After the European Grand Prix in Baku the F1 circus heads to, well, Europe, moving on to the Austrian Grand Prix at the Red Bull Ring. After a scrappy weekend last time out for Lewis Hamilton saw his good work of Canada undone, Lewis will be looking to get back on track again as he bids for a 3rd consecutive world championship. Only one driver has managed to win the Austrian Grand Prix 3 times (Alain Prost managing the feat during the 1980s), but Nico Rosberg has won here on both occasions since the track returned to the calendar in 2014, and will surely fancy his chances of tying the great Prost for the most wins at this event. Red Bull will be pulling out all the stops to entertain at their home grand prix, with the Red Bull Skydiving team and the Flying Bulls in action to entertain over the weekend, but the track has not been a happy hunting ground for the team, who could do with a lift after a poor European Grand Prix saw them lose momentum in their battle against Ferrari.
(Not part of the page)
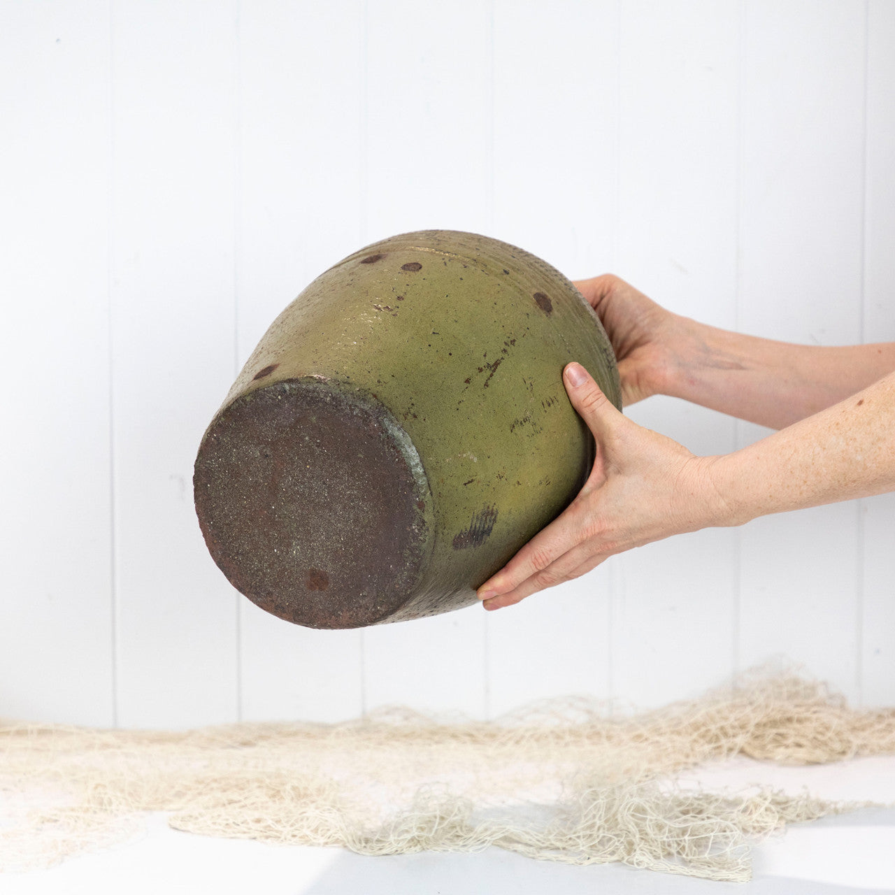 Made of clay it has wonderful texture and an earthy green colour.

Last year’s race saw Lewis Hamilton take pole position, but Nico Rosberg got the jump on him at the start and led all the way to the finish. Kimi Raikkonen lost control coming out of turn 2 on the opening lap and collected Fernando Alonso, with Alonso ending up sliding along the barrier on top of the Ferrari. Hamilton incurred a time penalty for crossing the white line on the pit exit, and ended the race behind Rosberg, but even with the time penalty to be added he still took second. Vettel had looked good for third, but lost out in the pits after a botched Ferrari pit stop, and Massa took the third podium slot for Williams.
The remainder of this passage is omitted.